The interviewer is unlikely to be asking for a yes/no answer and probably would not appreciate such terseness in an interview situation in any case - the questions are intended to get you talking until you have said something useful or interesting about yourself or your abilities and knowledge. What he is perhaps looking for is whether you are aware of the fact that standard type sizes in C are a compiler/architecture dependency and how you might handle the potential variability in portable code.
It is likely and possible that an int between one PIC and another PIC or one Atmel and another will differ let alone between PIC and Atmel. An Atmel AVR32 for example will certainly differ from an an 8bit AVR, and similarly the MIPS based PIC32 differs from "classic" PICs.
Also the size of built in types is strictly a "compiler implementation" issue, so it is possible that two different compilers for the same processor will differ (although it is highly improbable - since no compiler vendor would sensibly go out of their way to be that perverse!).
Languages other than C and C++ (and assembler of course) are less common on small micro-controllers because these are systems level languages with minimal runtime environment requirements, but certainly the sizes of types may vary depending on the language definition.

The problem is that standard C types will tend to vary from implementation to implementation. Using the types found in stdint.h will allow you to specify how many bits you want.

It depends on the architecture 32 bits or 64 bits.
On 32 bits systems, your integer would be coded on 32bit :
for signed integer 32 bits :
value between -2,147,483,648 and 2,147,483,647
On 64 bits system it will be 64 :
for signed integer 64 bits : value between -9223372036854775808 and 9223372036854775807
So to answer your question integer can have different size depending on the architecture you are using.

TIP: If you have your code assume that a specific type is of a specific size, you can verify this assumption during compilation:
#define C_ASSERT(cond) char c_assert_var_##__LINE__[(cond) ? 1 : -1]
C_ASSERT(sizeof(int) == 4);
During compile-time, this will produce the following code:
char c_assert_var_350[(sizeof(int) == 4) ? 1 : -1];
which will not compile if sizeof(int) != 4

It depends on many things, I can't say neither yes nor no, but my answer is more no.
int is guaranteed to be 16-bit.

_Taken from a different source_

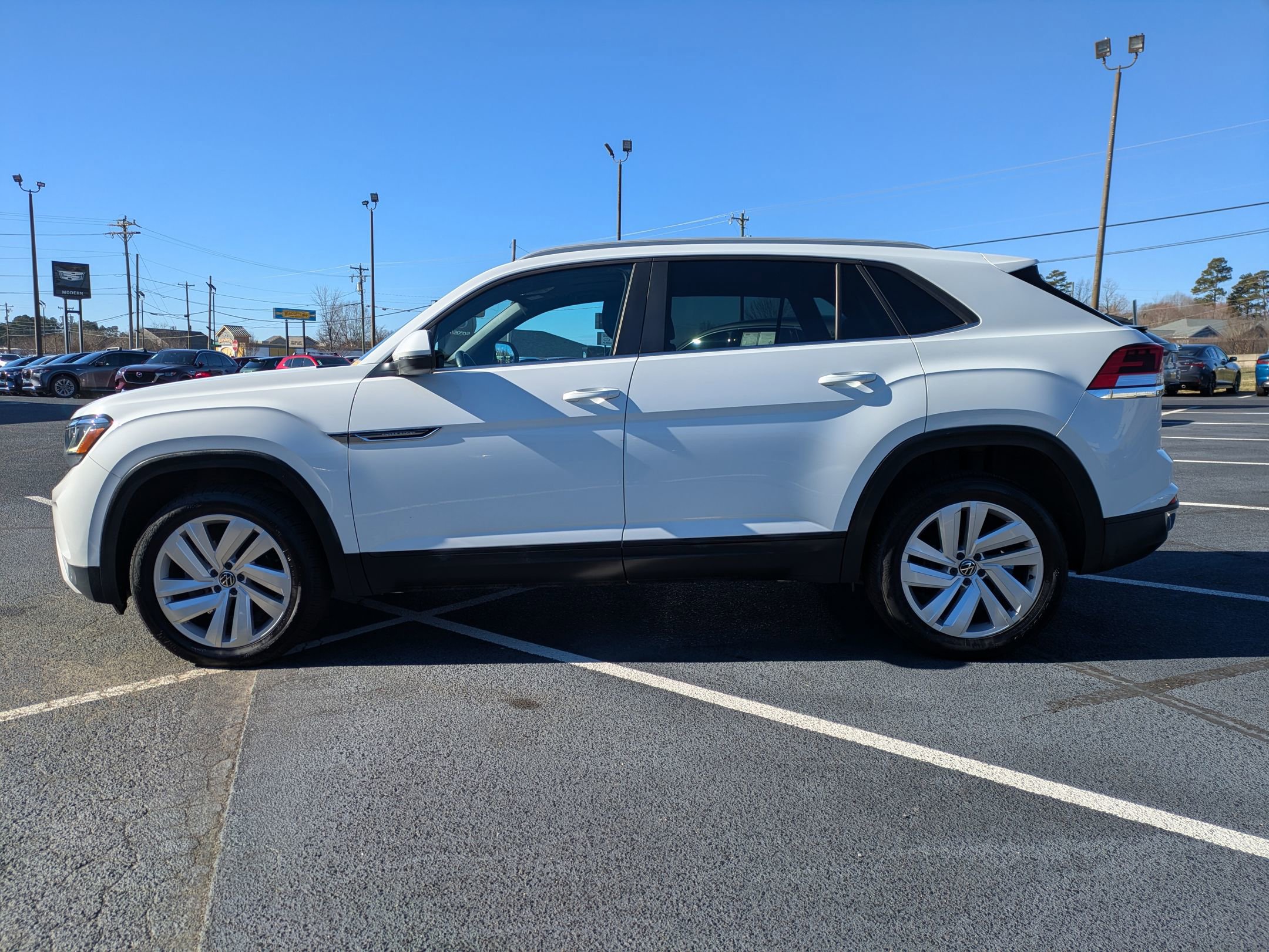 Priced below KBB Fair Purchase Price! Backup camera, Bluetooth, local trade, 150 point SmartBuy inspection, we deliver anywhere, The 2020 Volkswagen Atlas Cross Sport 2.0T SE w/Technology 4Motion features a well-equipped configuration highlighted by a Pure White exterior paired with a Titan Black leatherette interior, an advanced 8-speed automatic transmission with Tiptronic and Volkswagen's 4MOTION all-wheel-drive system for confident handling in varying conditions. This model includes the desirable panoramic sunroof package, enhancing the cabin with natural light and an open feel, along with practical accessories such as Monster Mats, a heavy-duty trunk liner with VW CarGo blocks, and a roadside assistance kit for added convenience and preparedness. It also benefits from Volkswagen prepaid scheduled maintenance covering key services, making ownership easier and more predictable. This Atlas Cross Sport has been well maintained, offers a strong balance of technology, comfort, and utility, and has no accidents reported. Odometer is 19559 miles below market average! Free Carfax available and free delivery in North Carolina. All of our vehicles are priced below market value. We aim to provide a hassle free car buying experience.

However in many latter architecture int is 32-bit number and it doesn't break any rules. As far I know what in Atmels 8-bit microcontrollers int is 16-bit, not sure about PIC.
Anyway, my suggest would be to use defined types. I don't know what compiler you are using but I'm using AVR Studio. It has defined types such as:
uint8_t
int8_t
uint16_t
...
int64_t
So these types are guaranteed to have same size on every processor, you just need to make a little research through your compiler.

Related

Why do datatypes have different sizes on different architectures? (i.e. a C int on 16-bit, 32-bit, 64-bit)

I read here that it depends on the specific compiler so you always have to use sizeof() to find out the size, however when reading about datatype sizes i always read things such as "on a typical 64-bit machine datatype_x is x_bytes long" "on a 16-bit machine..."
Why is it like this?
What's the correlation between datatype size and the machine architecture?
Edit: The reason why i posted this question despite there being similar duplicates is because im not content with the answer "It depends on the compiler, and the compiler is usually made to achieve the best performance on the system". I wanted to know why certain size for the datatype on the given bit system is considered to give the best performance. Which I guess has to do with how instructions are processed by the cpu but I didn't want to go and read a bunch about CPUs and such, just want to know the part that's relevant to this question.
"What's the correlation between datatype size and the machine architecture?"
There is no defined correlation. There is a tendency or more like guidelines than actual rules that int corresponds to the processor's integer width and is at least 16 bits. Minimum "limit of size_t ... 65535" C11 ยง7.20.3 1
Why is it like this?
That is the strength of C. size_t follows the processors "best/native" size making for good performance, tightness of executable code and the platforms memory capacity. Yet there are exceptions to the guideline.
It is also a weakness of C in that it varies from platform to platform.
Use fixed width types like int32_t if code goals requires it.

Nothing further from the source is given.